I loved every moment of this. Feel free to post more


----------



## Aramis (Mar 1, 2009)

This is your house? You bourgeoi, proletariat will get you, justice shall be served!


----------



## Ukko (Jun 4, 2010)

Aramis said:


> This is your house? You bourgeoi, proletariat will get you, justice shall be served!


I too am impressed by your surroundings. That staircase will defeat you in your dotage.

I am not going to listen to you play until I see your name up in lights.


----------



## Chris (Jun 1, 2010)

Aramis said:


> This is your house? You bourgeoi, proletariat will get you, justice shall be served!


Aramis, have you not noticed our pianist's attire is a gesture to the working classes? No tailed coat, no bowtie, no cummerbund.

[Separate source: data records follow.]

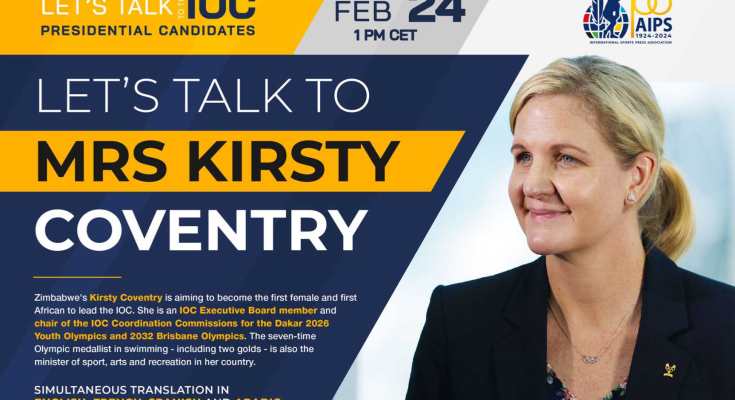 On Monday, 24 February, Coventry will be the first guest on “Let’s Talk to the IOC Presidential Candidates”, a series of Q&A sessions that offers a unique platform for the candidates to communicate their vision for the Olympic movement to sports journalists from different parts of the world.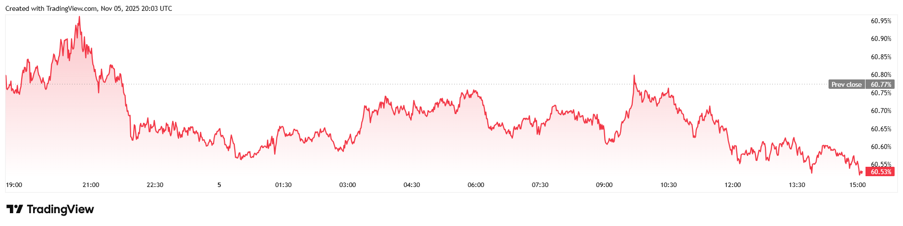 ظل حجم التداول على مدار 24 ساعة مستقرًا تقريباً عند حوالي 94 مليار دولار وارتفعت القيمة السوقية إلى 2.07 تريليون دولار. تراجعت هيمنة البتكوين قليلاً منذ أمس، حيث انخفضت بنسبة 0.43٪ إلى 60.53٪ وقت الإبلاغ.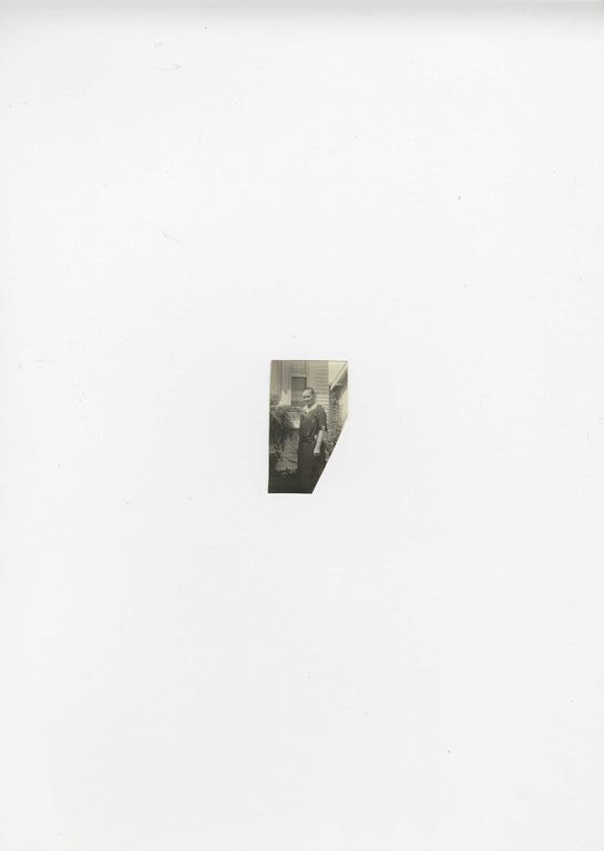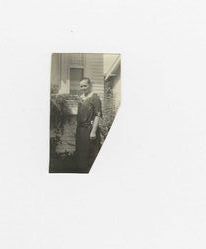 Photograph, Black and white, woman in dark dress and pearl necklace standing outside a house with plants.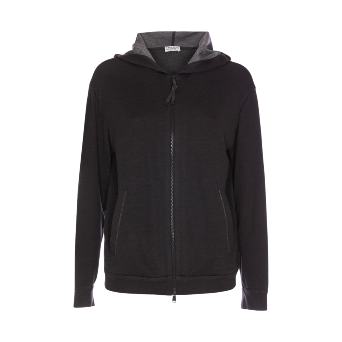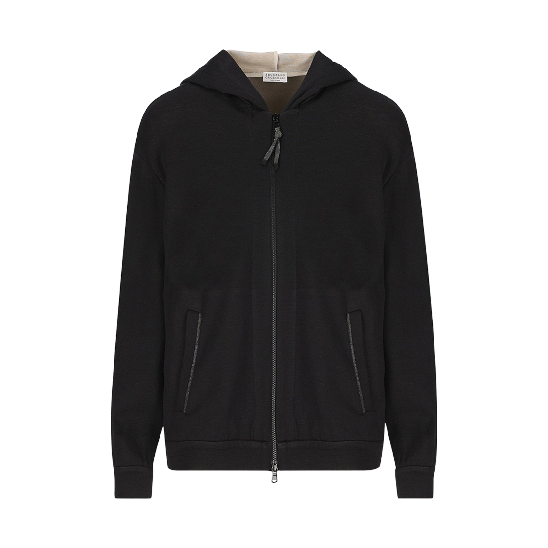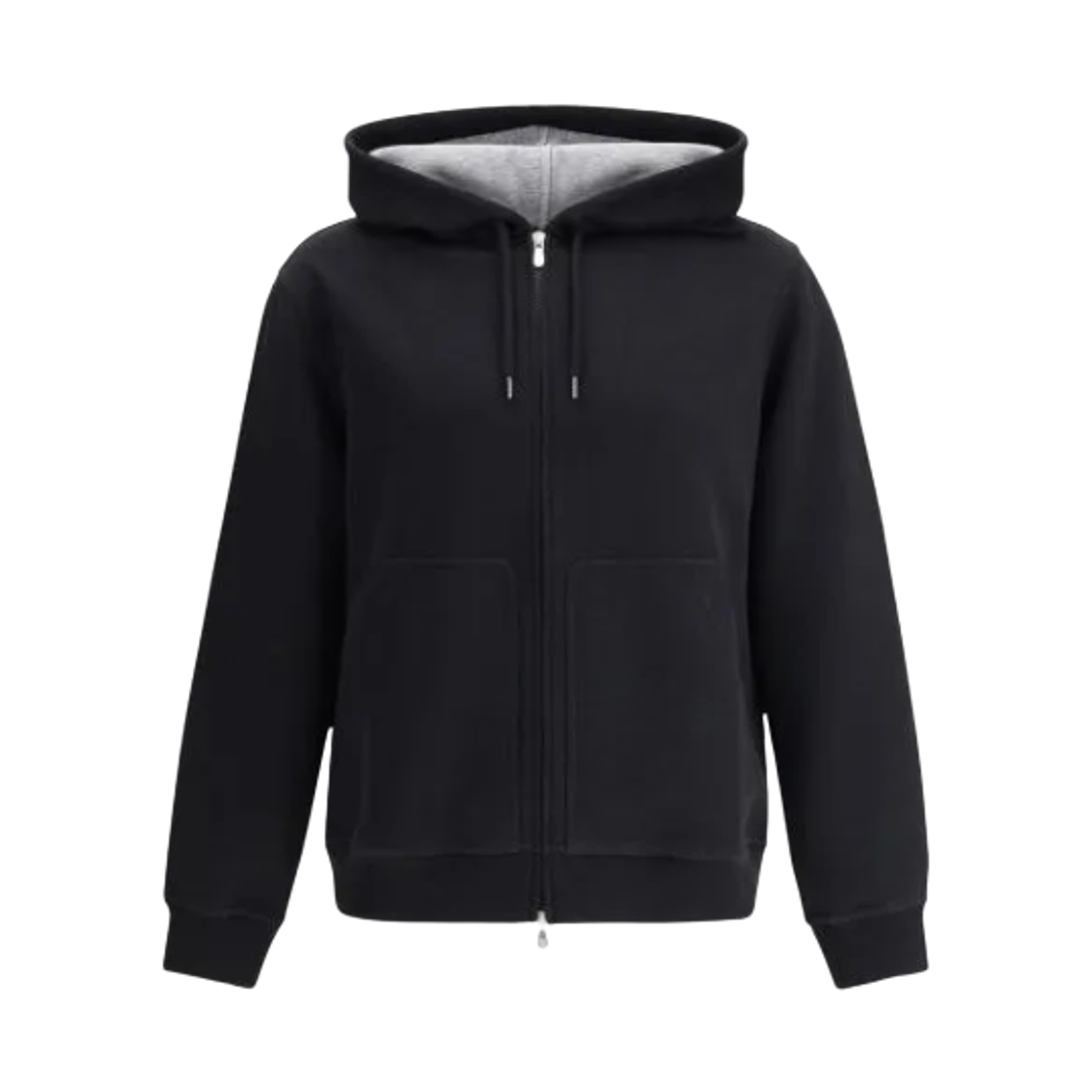 (W) 브루넬로 쿠치넬리 코튼 실크 인터로크 프레셔스 지퍼 풀 후드 스웨트셔츠 블랙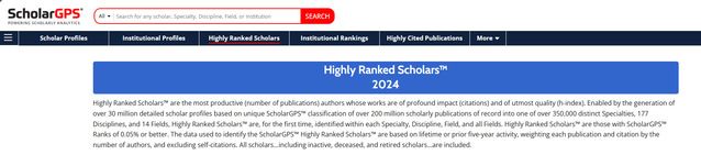 ScholarGPS aggregates information profiles of over 30 million scholars worldwide, alongside massive datasets of publications, patents, and books. Utilizing artificial intelligence, data mining, machine learning, and other data science techniques, the platform comprehensively analyzes three key metrics: research output (number of publications), influence (citation counts, excluding self-citations), and publication quality. This enables ScholarGPS to rank the excellence of more than 30 million scholars and 55,000 institutions across diverse domains, disciplines, and specialties (14 Fields, 177 Disciplines, and over 350,000 Specialties).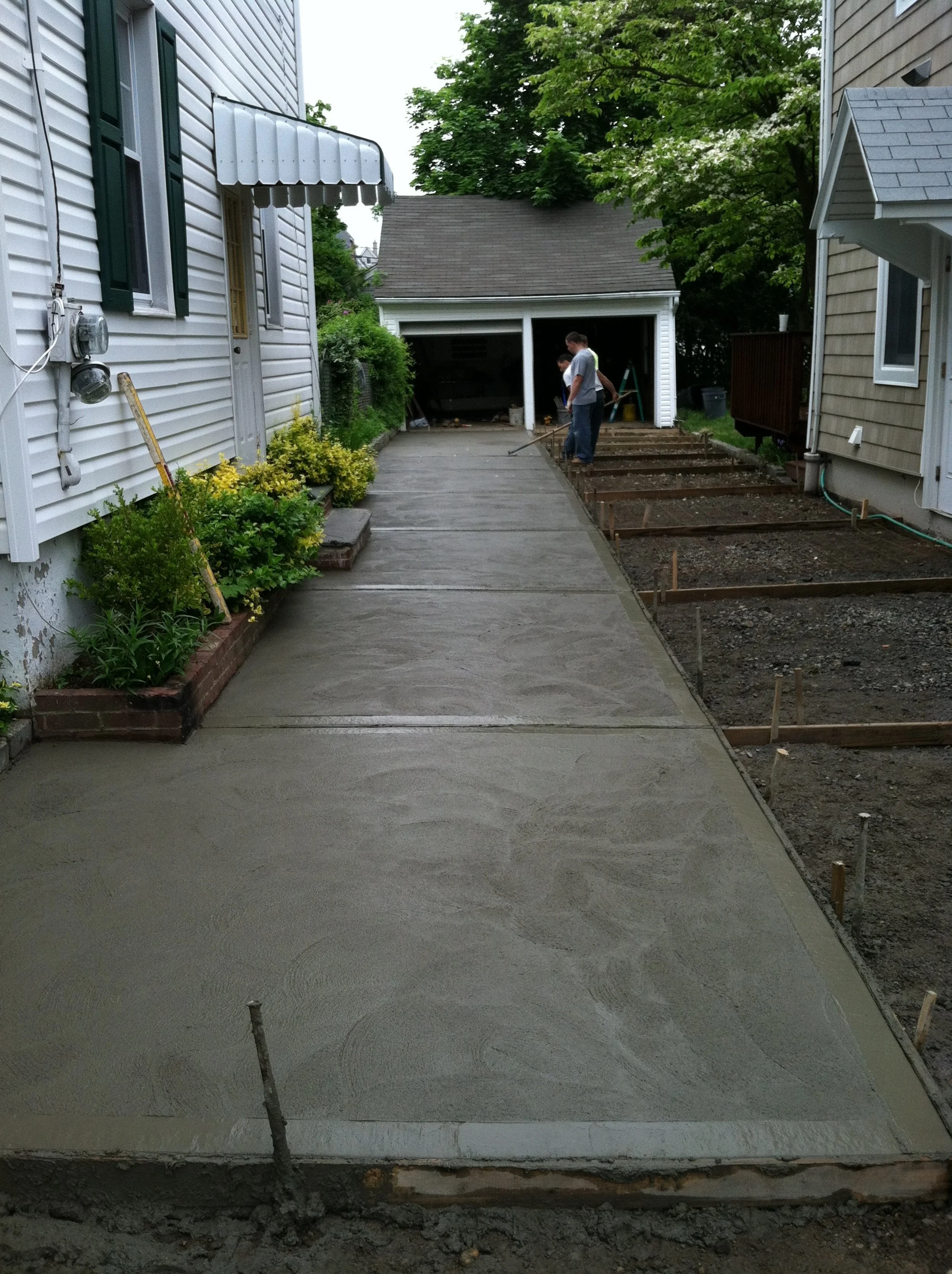 We have different options to do your driveways. Cement, pavers, or even asphalt. Always making sure that rain water is pitched away from the house given options for dry-wells for water issues

He is on the side of the oppressed.


----------



## eddieker08 (Dec 8, 2010)

Thanks so much for the comments  It is nice to hear what people have to say and I completely agree with you Jeff about the middle section dynamics. And don't worry I'm no more bourgeois than the rest of you are haha. Keep the comments coming


----------



## Rasa (Apr 23, 2009)

Let's not forget it's the Bourgeois who enabled most of our favourite composers to exist!


----------



## Jean Christophe Paré (Nov 21, 2010)

Change the shirt and I'll be happy with the rest.


(I would prefer it a little softer in the beginning. Else, it was fine.)


----------



## eddieker08 (Dec 8, 2010)

Hey Chris...if you were interested I'm slowly going to be posting some of my older music. It really isn't great quality recording but hopefully from here on out I can get a better camera. For now...I just posted a video of me playing Fantasie Impromptu 3 years back you or anyone else is interested


----------